De este modo, desde el Gobierno, pero también en Europa,
se está intentando que se limite o se
elimine esta objeción de conciencia, última muralla a derribar en sus
objetivos de extender completamente la cultura de la muerte.
La pasada semana medios como El País, entre
otros muchos, denunciaban como elemento de gran gravedad que todos los
ginecólogos de un importante hospital de Madrid como es el Clínico San Carlos
se hayan declarado objetores de conciencia con respecto al aborto. Estos medios
se lamentaban por esta decisión pero no se hacían la pregunta más importante: ¿qué lleva a tantos médicos
a negarse a colaborar con el aborto?
Sobre esta situación ha profundizado Jaume Vives con su particular estilo directo y de
combate. Este joven catalán, autor de documentales sobre cristianos perseguidos
y uno de los responsables de Vividores, impresionante
campaña contra la eutanasia, es
consciente de la importancia de dar la batalla cultural y de las ideas. Y
sabe que es fundamental estar presente para ello en las redes sociales
ofreciendo argumentos que sean claros.
Es lo que ha hecho sobre la objeción de conciencia, convirtiendo un
hilo destinado a las redes sociales en un artículo donde de manera didáctica deja sin
argumentos a los que intentan aniquilar este derecho de los profesionales
sanitarios. A continuación, y por su interés, ofrecemos el escrito íntegro
de Jaume Vives:
Reflexión de Jaume Vives
sobre la objeción de conciencia
"Los últimos días ha habido un debate intenso sobre el aborto
y la objeción de conciencia. Para
mí es como estar discutiendo sobre las bondades de la esclavitud y la
importancia de regular que haya poca gente que pueda oponerse legalmente a
ella.
Oigo muchos argumentos que van contra:
1. La razón
2. La lógica
3. La verdad científica
4. La experiencia
1. Las leyes
deberían reconocer como bueno lo que es bueno y como malo lo que no es bueno. Me
explico: el bien y el mal son previos a la ley y esa debe reconocerlos. Lo
contrario es pensar que una cosa es buena por ser ley. Ergo, no hay ni bien ni
mal objetivos.
La esclavitud fue legal y nadie piensa que fuera algo bueno. Eso
es porque en el fondo sabemos que las leyes no son fuente de verdad.
Digo esto para atacar
un primer argumento que se está utilizando estos días contra la
objeción de conciencia: el aborto es legal, por lo tanto es bueno, por lo tanto
un derecho, por lo tanto hay que garantizarlo, por lo tanto no puede haber
objeción de conciencia en lo público.
Poco importa que el aborto sea legal, eso no impide que pueda ser
un crimen. La historia nos demuestra que muchos atentados contra el hombre han gozado de toda la legalidad
habida y por haber.
La razón nos enseña por tanto que una cosa no es buena por ser ley. Una cosa debe ser ley
por ser buena.
2. Algunos utilizan la ley de plazos para argumentar que el aborto
no es un crimen y por lo tanto la objeción de conciencia no tiene cabida. Un ejercicio fácil de lógica nos
demuestra lo absurdo de la ley de plazos.

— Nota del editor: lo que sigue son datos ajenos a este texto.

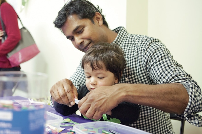 Chris Fernandes and son Henry, 1, work on some colouring at Mrs. Darling’s Imaginarium for Girls and Boys, a pop-up shop that ran in a vacant storefront on Danforth in late October. PHOTO: Phil Lameira / Beach Metro News

Dicen que tenemos una ley de plazos que garantiza que se acaba con
la vida de un conjunto de células y no con una vida humana.

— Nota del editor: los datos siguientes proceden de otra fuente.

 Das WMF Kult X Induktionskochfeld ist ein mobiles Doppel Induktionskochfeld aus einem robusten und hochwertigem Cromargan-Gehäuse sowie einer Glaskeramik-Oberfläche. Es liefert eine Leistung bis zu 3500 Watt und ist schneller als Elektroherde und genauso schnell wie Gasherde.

Algo no puede ser y no ser a la vez. En
Francia se puede abortar hasta la semana 12. En España hasta la semana 14. Si
un feto no es persona en España en la semana 13, no puede ser que sí lo sea en
Francia. Salvo que asumamos que nosotros tardamos algo más en ¿ser? personas.
Si un feto no es persona hasta la
semana 14, ¿en qué momento
exacto de esa semana comienza a serlo? ¿La semana 13, 6 días, 23h y 59
minutos? ¿Un minuto después de la media noche?
Si no tenemos ni idea de en qué
momento exacto sucede no se sabe el qué, ¿a qué estamos jugando? ¿A ser dioses?
Algunos dicen que la ley de plazos
responde a criterios científicos y tiene que ver con el desarrollo de los
órganos y sistemas del feto. ¿En qué momento exacto del desarrollo somos
personas? Teniendo en
cuenta que el desarrollo es continuo hasta el día de nuestra muerte.
¿Cuándo los pulmones pesan 200
gramos? ¿Cuándo el fémur mide 10 centímetros? ¿Cuándo la nariz sobresale medio
centímetro de la cara?
Luego están los talibanes que dicen
que el aborto debería ser libre hasta el noveno mes. Determinando la dignidad
del feto en función de que pueda vivir por sí solo sin depender de la madre. Que alguien les diga que un niño
no puede vivir por si solo ni cuando tiene 15 años.
La sensación que uno tiene es que a
los que hacen las leyes les
importa muy poco si lo que se destruye es una vida humana o no. Sorprende
por tanto la beligerancia de quienes consideran que la objeción de conciencia
es algo que va contra un derecho evidente.
Si asumimos que no tenemos ni idea
de en qué momento empieza la vida (falso) lo mínimo sería prohibir en cualquier caso arrebatar una
“posible” vida inocente. Lo contrario es crueldad y cinismo apoyado en
leyes que contravienen toda lógica.
3. La verdad científica enseña que
desde el momento de la concepción eso es una vida nueva y diferente a la de la
madre. Por el argumento anterior, si una vida es digna en la semana 70 fuera de la barriga, lo es
también la semana 2 dentro.
El que diga lo contrario es
importante que lo demuestre. Querer
arrebatar una posible vida sin antes haber demostrado que no lo es suena algo
salvaje.
4. La experiencia explica por qué
tantos médicos son objetores de conciencia. El médico sabe que el aborto es algo más que eufemismos
baratos. Es trocear a un niño que se mueve y lucha por su vida.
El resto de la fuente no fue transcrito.